Unless the state’s Board of Pardons prevents it, Pennsylvania is about to execute Terrance “Terry” Williams, 46, who was sent to death row for the 1984 murder of Amos Norwood, a man who had sexually abused him as a child. Months earlier, Williams had killed another man who had raped him. Gov. Tom Corbett set an execution date of October 3, which would make Williams the first person put to death in Pennsylvania in 13 years.
Prosecutors characterized Williams as a serial killer, but the jurors never heard evidence of the years of horrific abuse he suffered from older men. Now, judges, prosecutors, child advocates, the jurors who found him guilty, and the widow of his victim all say his life should be spared. Moreover, over 345,000 people have signed a petition on Change.org calling for clemency for Williams. Such a viral show of support for a death row inmate has not been seen since Troy Davis a year ago this week.

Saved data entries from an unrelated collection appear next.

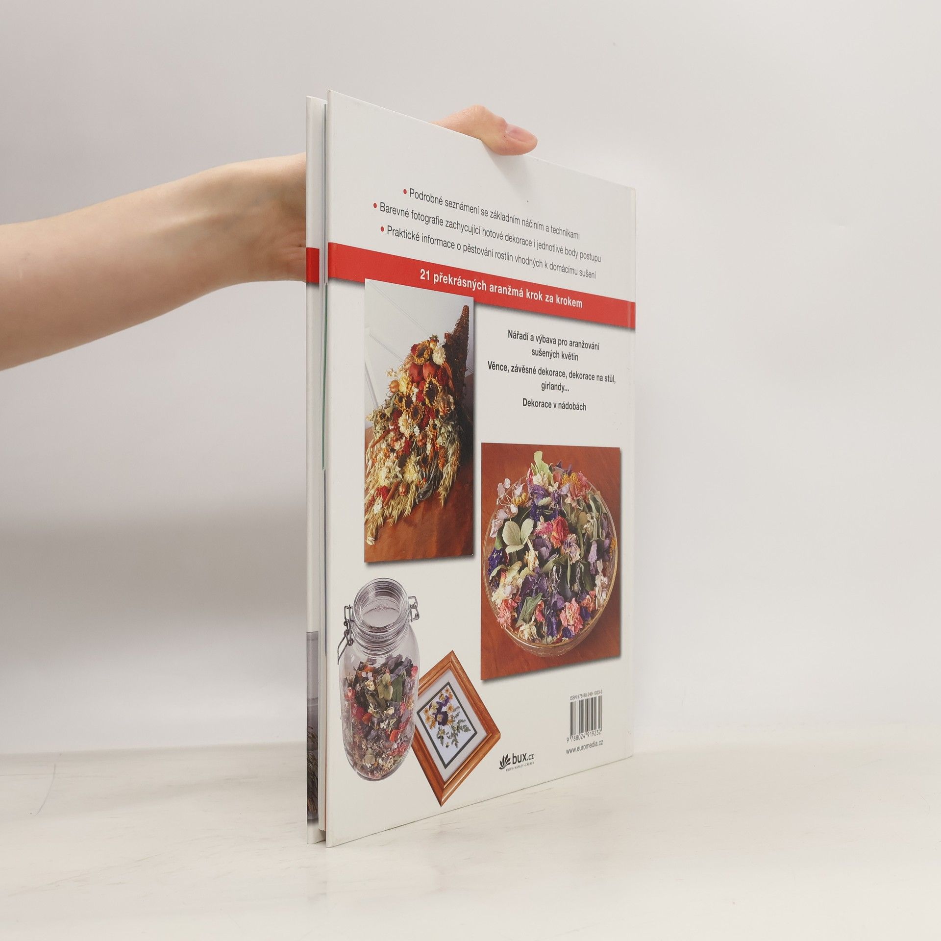 Usušíme-li správně květiny, můžeme je uchovat a využít při výrobě trvanlivých květinových aranžmá stejně půvabných, jako jsou dekorace z čerstvého materiálu. Ze sušených květin lze vytvářet věnce, nástěnné závěsy, dekorace na stůl, girlandy, suché vazby do váz a spoustu dalších dekorací. Tvar, barevnost a celkové ladění záleží jen a jen na kreativitě a fantazii autora. Nechte se inspirovat jednadvaceti překrásnými aranžmá popsanými krok za krokem.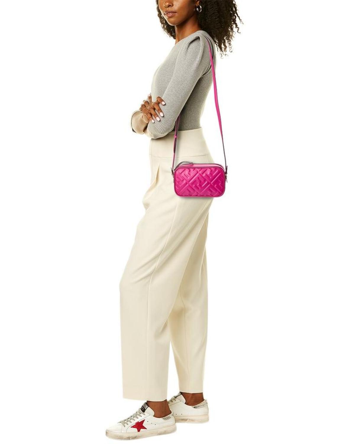 Introducing the FENDI FF Mini Leather Camera Bag, a stylish and sophisticated accessory that embodies innovative and elegant Italian luxury. Crafted in Italy, this crossbody bag showcases the iconic Fendi FF logo in pink leather with beautiful gold-tone hardware. The interior of the bag features a convenient pocket, offering ample space to keep your essentials organized. Measuring 7.5 inches wide, 4.5 inches high, and 2.5 inches deep, this bag is compact yet spacious enough to carry your daily essentials.The adjustable and removable shoulder strap allows for versatile wear, and it drops at a comfortable 23 inches. The zipper closure ensures the safety of your belongings while adding a touch of security and sleekness to the overall design.Please note that all measurements provided were taken by hand and are approximate; slight variations may occur. However, rest assured that all our products are 100% genuine. In some cases, we source merchandise from trusted independent suppliers rather than directly from the brand owner, but we always stand by the authenticity of every product sold on our site.Upgrade your accessory game with the FENDI FF Mini Leather Camera Bag – a perfect blend of style, function, and luxury craftsmanship.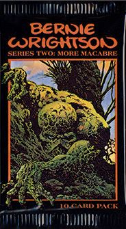 Released by FPG, Inc. in 1993, Bernie Wrightson: Master of the Macabre Trading Cards were a 90 card series featuring a collection of characters and scenes illustrated by Wrightson. This card series features a wide selection of monsters and maniacs, more than a few iterations of Swamp Thing and Frankenstein’s Monster, and a couple of creatures that could easily be kin to the Aliens series’ Xenomorphs. Cards were available in complete sets as well as in foil packs containing 10 cards. Each sealed box of foil packs contained 36 packs. After selling quite successfully, a second series entitled More Macabre was released in 1994.

Terry Williams’ case has exposed the inherent flaws in the administration of the death penalty, and has acted as a catalyst in the push for a death penalty moratorium in the Keystone state.
If the commonwealth makes good on its plans to kill Terry Williams by lethal injection, he would become the first non-volunteer execution since 1978. All three of those who were executed since the U.S. Supreme Court reinstated the death penalty waived their remaining appeals.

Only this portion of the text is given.